▶

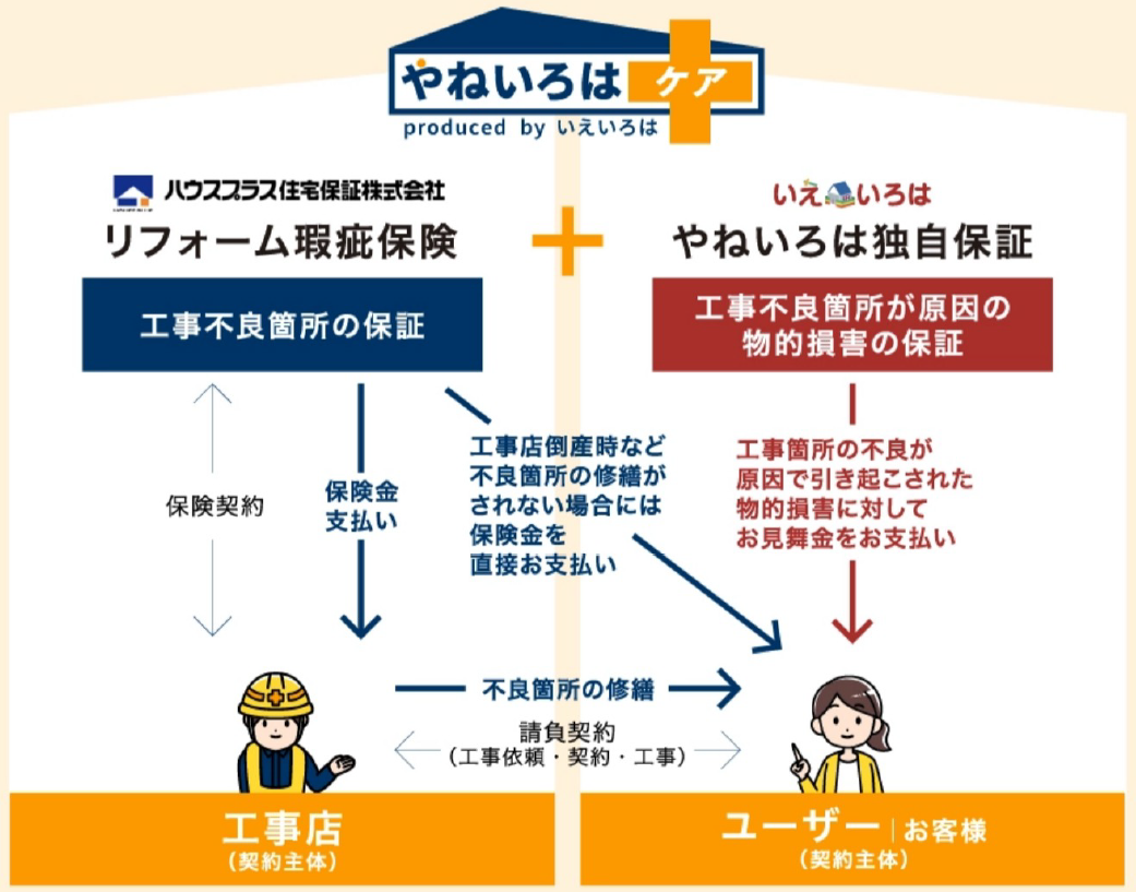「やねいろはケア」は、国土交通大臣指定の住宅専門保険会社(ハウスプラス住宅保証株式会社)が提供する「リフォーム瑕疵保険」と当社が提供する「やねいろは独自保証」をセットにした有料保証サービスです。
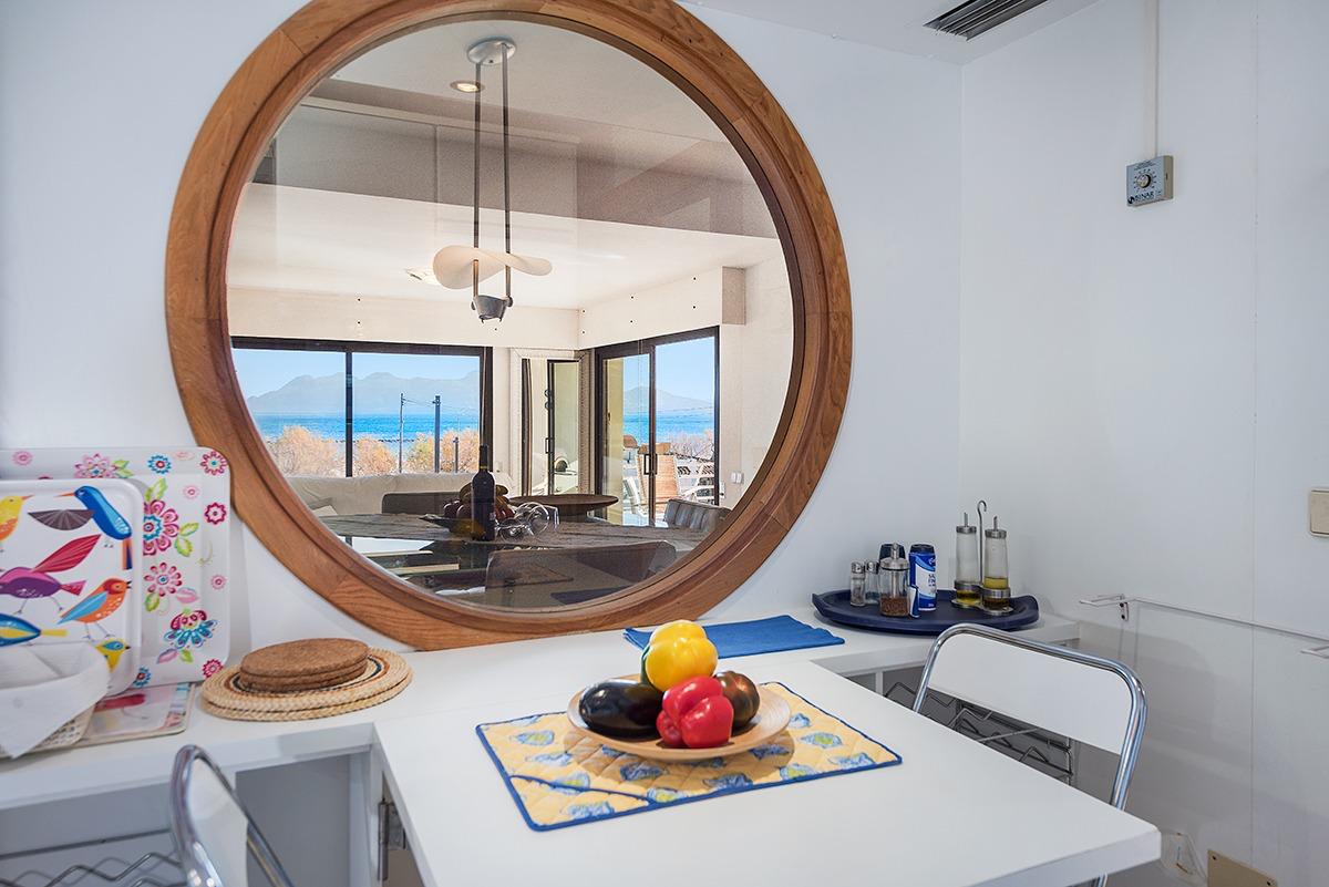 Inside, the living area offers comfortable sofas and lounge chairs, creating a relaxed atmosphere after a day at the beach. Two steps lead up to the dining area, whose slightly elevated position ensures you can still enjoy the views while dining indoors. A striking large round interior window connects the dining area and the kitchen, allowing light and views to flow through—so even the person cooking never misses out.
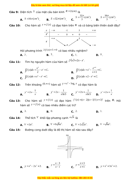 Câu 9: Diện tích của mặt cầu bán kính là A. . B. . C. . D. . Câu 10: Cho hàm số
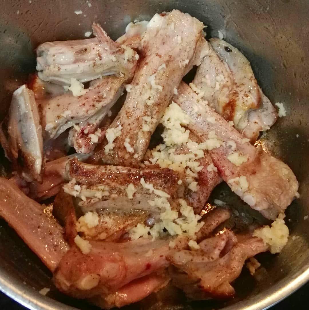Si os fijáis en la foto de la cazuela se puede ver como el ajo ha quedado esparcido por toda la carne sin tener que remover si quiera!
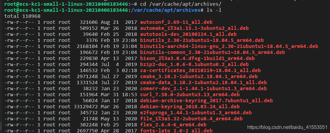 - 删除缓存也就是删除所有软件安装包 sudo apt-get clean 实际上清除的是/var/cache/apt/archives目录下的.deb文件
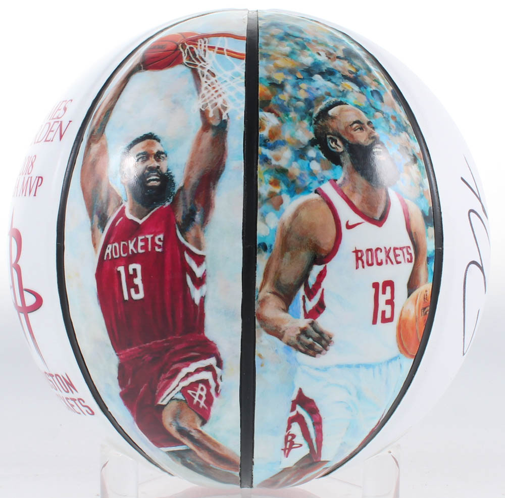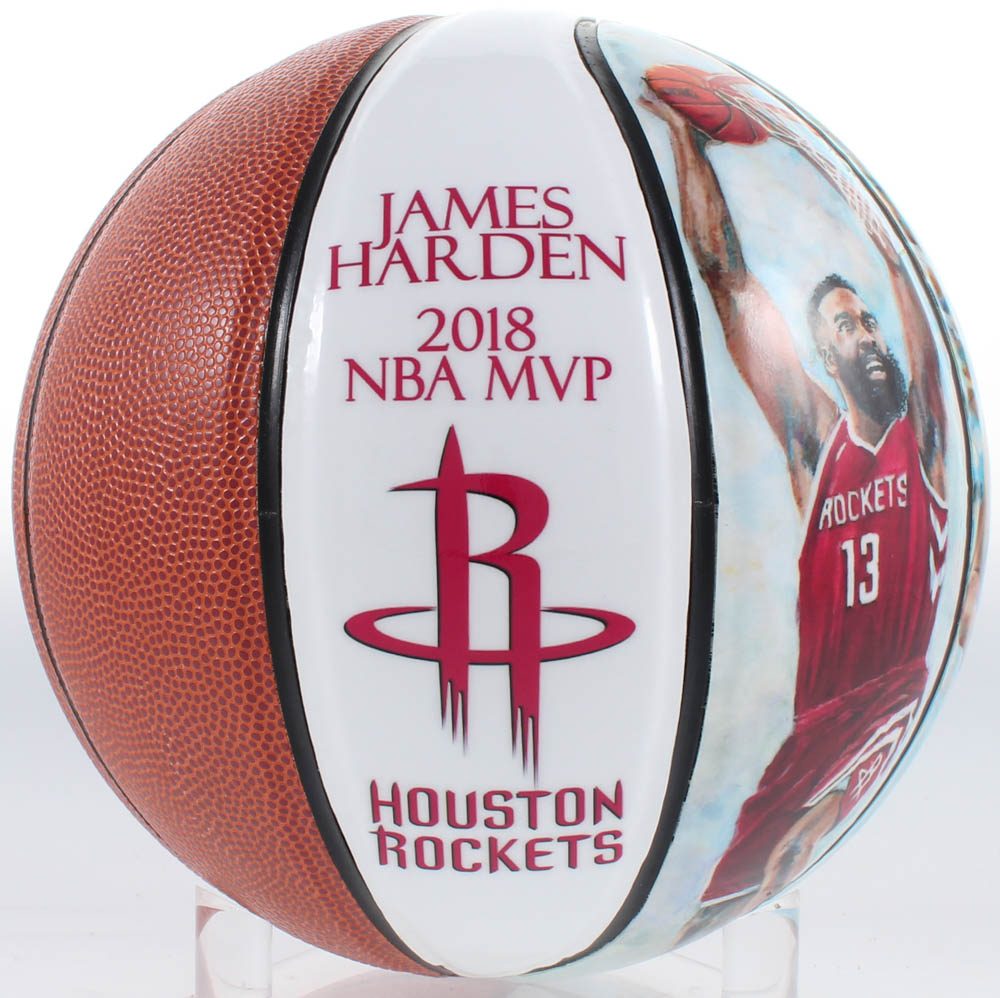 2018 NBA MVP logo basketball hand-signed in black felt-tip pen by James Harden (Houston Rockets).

◀

* What you need to do *
Retype exactly, and only, the lines from the one containing "Si os fijáis" through the end of the records above. Pictures stay out of the copy.

* Solution for this task *
Si os fijáis en la foto de la cazuela se puede ver como el ajo ha quedado esparcido por toda la carne sin tener que remover si quiera!
 - 删除缓存也就是删除所有软件安装包 sudo apt-get clean 实际上清除的是/var/cache/apt/archives目录下的.deb文件
 2018 NBA MVP logo basketball hand-signed in black felt-tip pen by James Harden (Houston Rockets).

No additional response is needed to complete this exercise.